* **Task details**: Pictures excluded, reproduce exactly the lines below from the one with "[Immersive Stereo Sound]" through the one with "The Employees’ Trust Fund was", both included.

* **Given entries**:
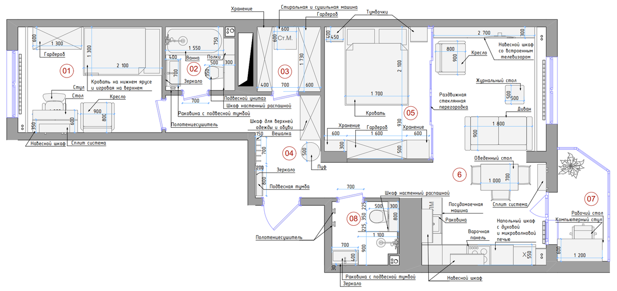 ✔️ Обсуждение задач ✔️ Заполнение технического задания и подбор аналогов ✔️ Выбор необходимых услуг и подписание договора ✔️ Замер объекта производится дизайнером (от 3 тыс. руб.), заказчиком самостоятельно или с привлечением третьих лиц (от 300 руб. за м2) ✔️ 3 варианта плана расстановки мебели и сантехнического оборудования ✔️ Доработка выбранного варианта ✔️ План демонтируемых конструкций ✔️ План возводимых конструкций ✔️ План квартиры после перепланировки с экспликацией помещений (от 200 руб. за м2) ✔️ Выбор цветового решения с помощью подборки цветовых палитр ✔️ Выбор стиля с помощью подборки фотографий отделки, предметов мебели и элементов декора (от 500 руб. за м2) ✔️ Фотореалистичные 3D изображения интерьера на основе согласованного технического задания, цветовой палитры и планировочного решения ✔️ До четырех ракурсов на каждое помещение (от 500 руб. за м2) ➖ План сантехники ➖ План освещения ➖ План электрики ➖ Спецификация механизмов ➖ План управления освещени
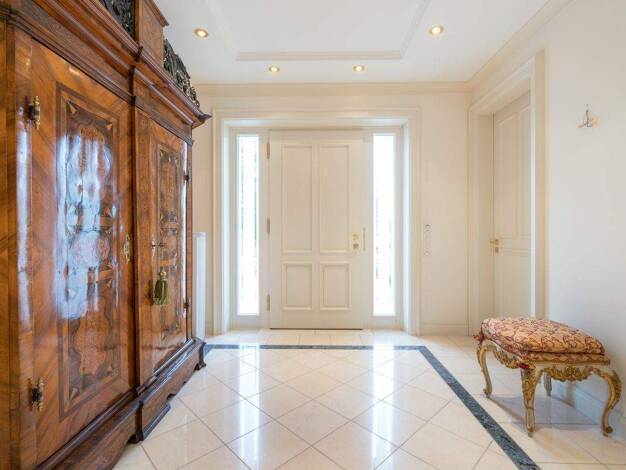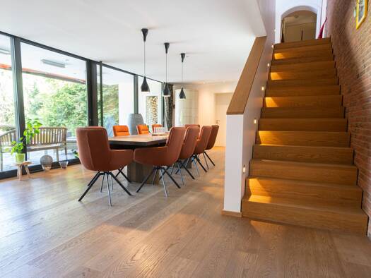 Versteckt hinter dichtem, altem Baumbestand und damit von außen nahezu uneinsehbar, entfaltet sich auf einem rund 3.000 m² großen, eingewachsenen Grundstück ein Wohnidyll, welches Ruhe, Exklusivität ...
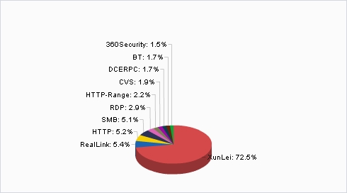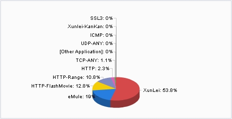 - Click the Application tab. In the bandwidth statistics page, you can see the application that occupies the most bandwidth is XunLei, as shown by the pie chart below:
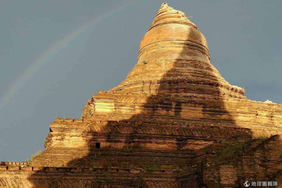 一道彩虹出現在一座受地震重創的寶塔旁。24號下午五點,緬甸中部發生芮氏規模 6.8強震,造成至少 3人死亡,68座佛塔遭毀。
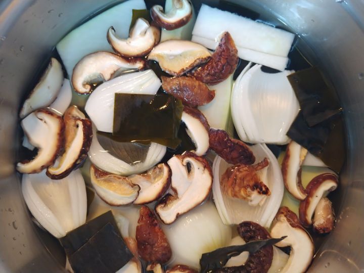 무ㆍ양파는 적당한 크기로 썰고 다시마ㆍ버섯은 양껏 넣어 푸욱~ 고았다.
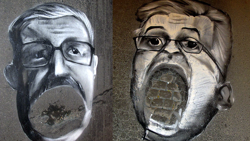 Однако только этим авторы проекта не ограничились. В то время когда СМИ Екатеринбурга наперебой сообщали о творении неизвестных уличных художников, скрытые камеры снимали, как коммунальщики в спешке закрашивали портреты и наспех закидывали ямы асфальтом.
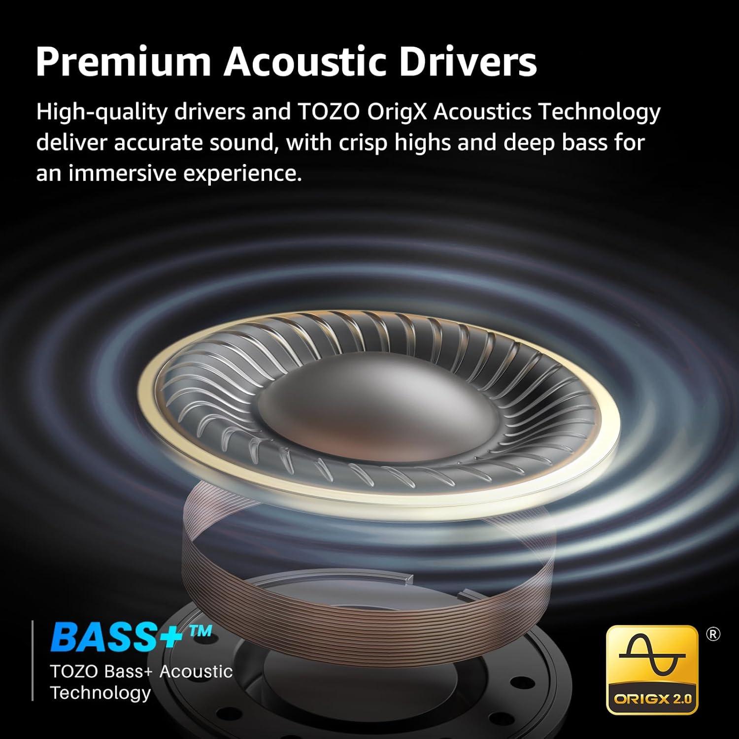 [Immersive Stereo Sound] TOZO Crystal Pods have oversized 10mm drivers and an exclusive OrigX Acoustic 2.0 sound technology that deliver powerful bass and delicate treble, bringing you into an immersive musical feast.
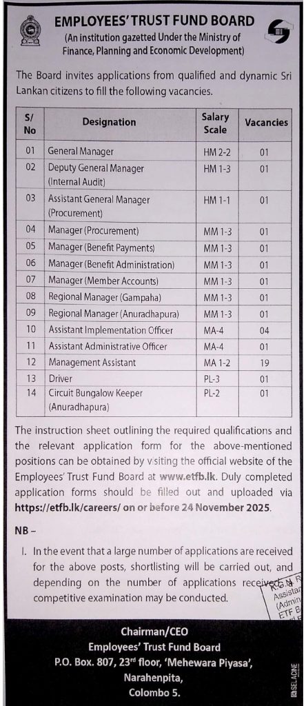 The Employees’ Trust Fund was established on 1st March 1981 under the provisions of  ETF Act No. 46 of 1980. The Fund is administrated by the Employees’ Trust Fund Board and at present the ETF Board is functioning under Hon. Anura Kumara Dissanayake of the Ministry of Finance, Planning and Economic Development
* * *
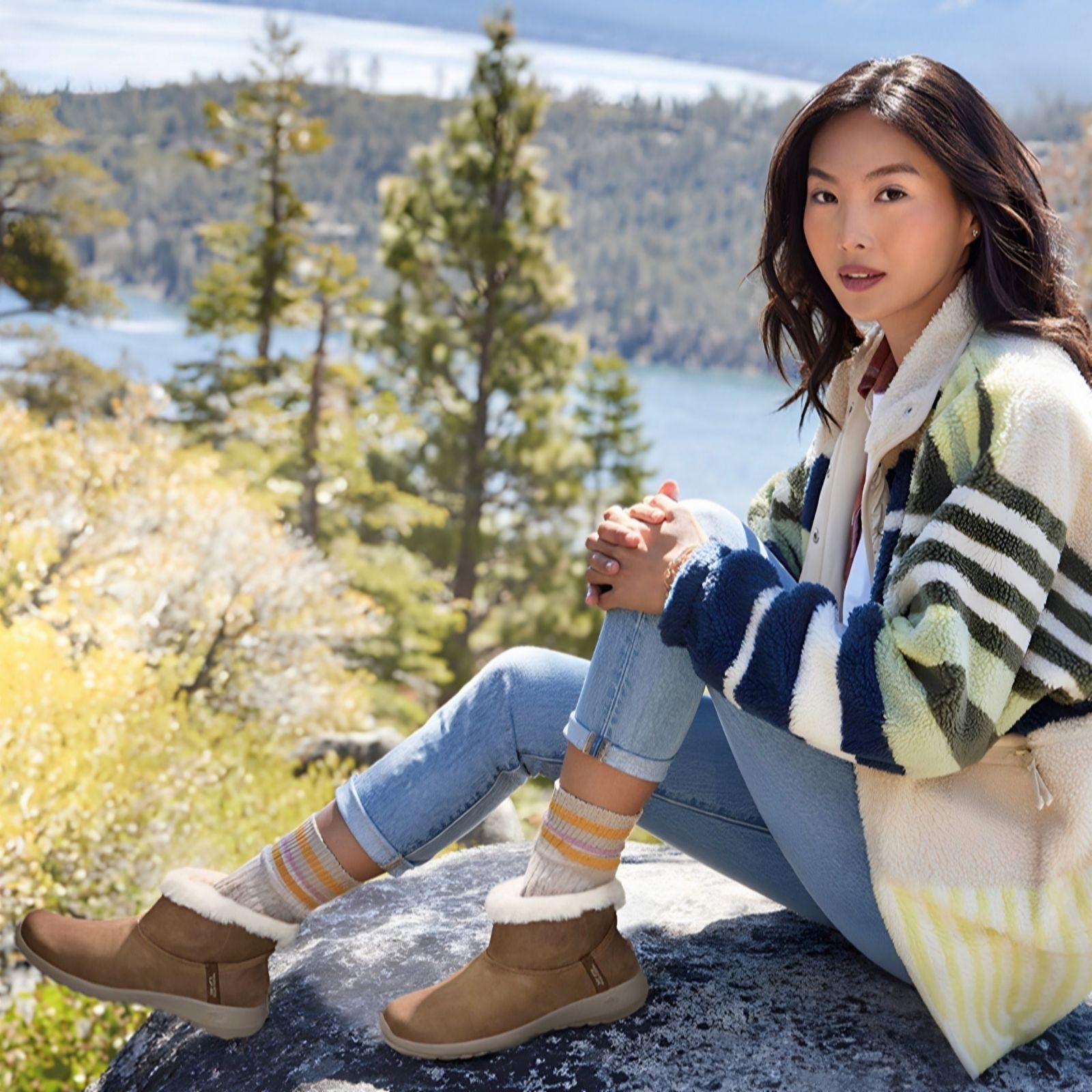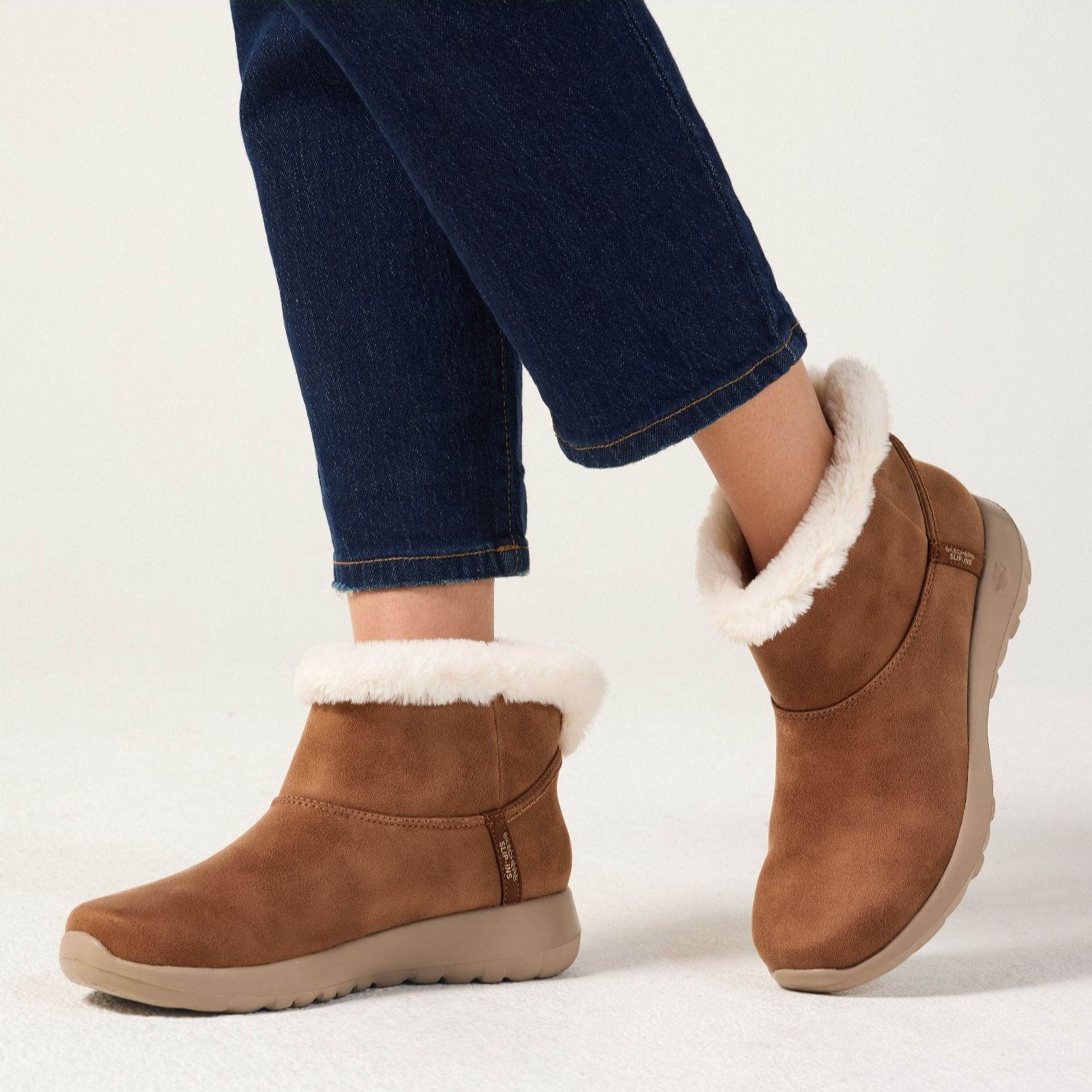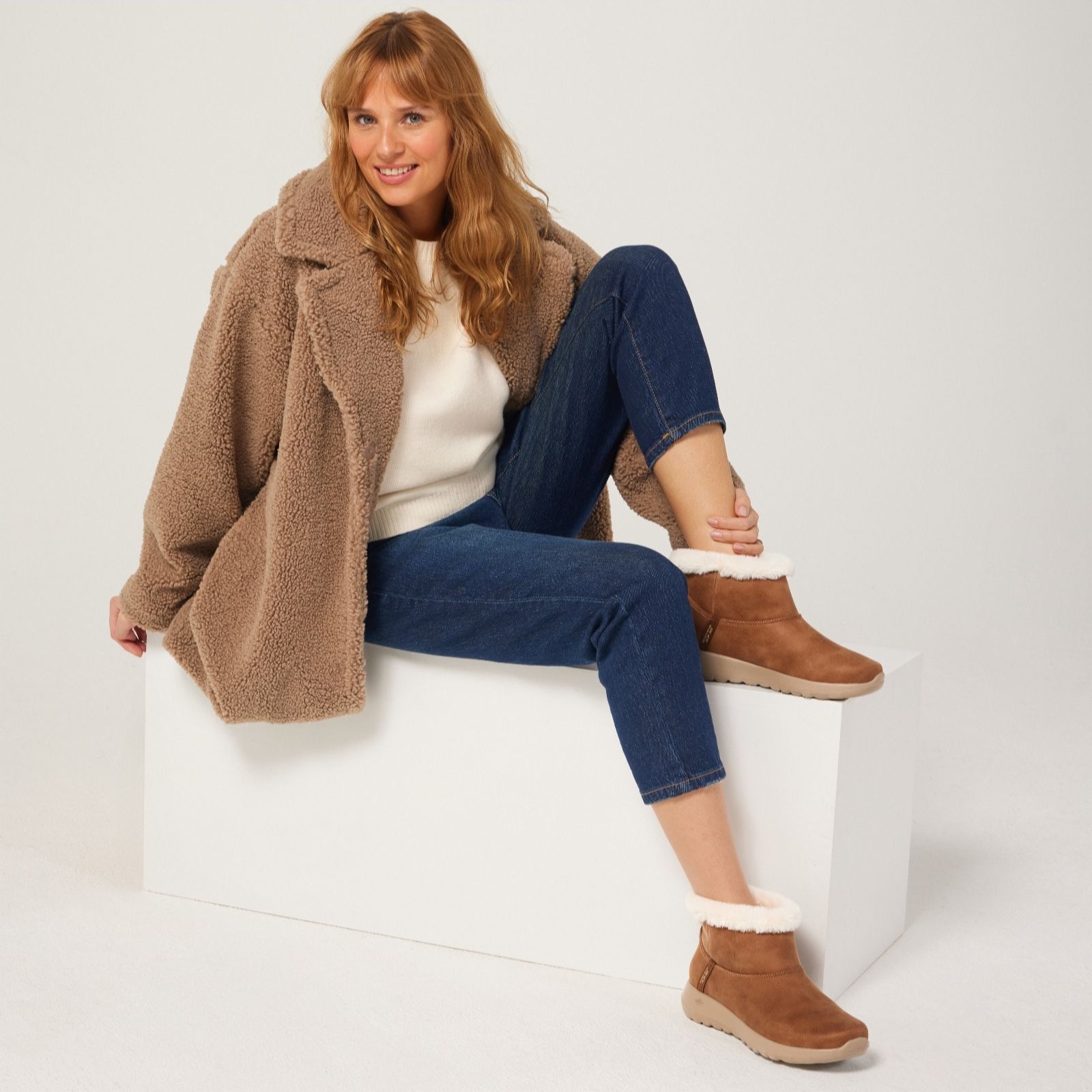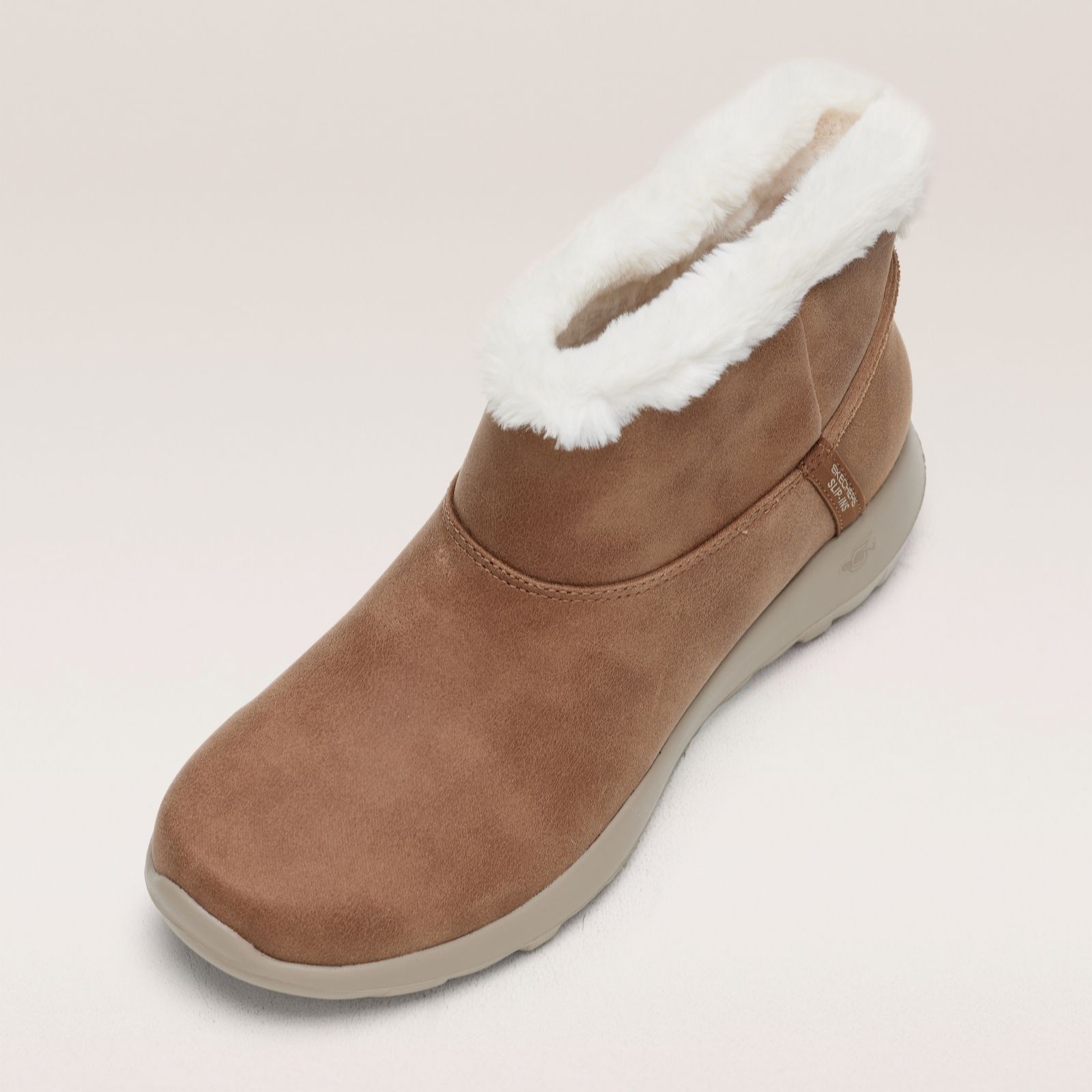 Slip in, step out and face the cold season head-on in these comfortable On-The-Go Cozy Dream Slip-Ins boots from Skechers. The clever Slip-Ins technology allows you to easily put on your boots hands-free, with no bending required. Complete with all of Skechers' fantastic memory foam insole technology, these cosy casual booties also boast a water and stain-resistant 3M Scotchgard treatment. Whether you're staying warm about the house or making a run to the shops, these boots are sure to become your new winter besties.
---
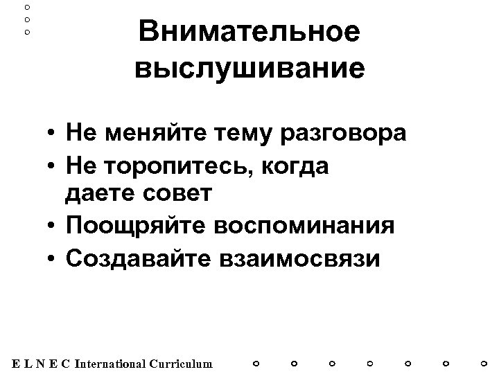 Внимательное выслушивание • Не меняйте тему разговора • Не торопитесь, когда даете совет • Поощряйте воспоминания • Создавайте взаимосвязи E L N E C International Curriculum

* **Answer box**:
 [Immersive Stereo Sound] TOZO Crystal Pods have oversized 10mm drivers and an exclusive OrigX Acoustic 2.0 sound technology that deliver powerful bass and delicate treble, bringing you into an immersive musical feast.
 The Employees’ Trust Fund was established on 1st March 1981 under the provisions of  ETF Act No. 46 of 1980. The Fund is administrated by the Employees’ Trust Fund Board and at present the ETF Board is functioning under Hon. Anura Kumara Dissanayake of the Ministry of Finance, Planning and Economic Development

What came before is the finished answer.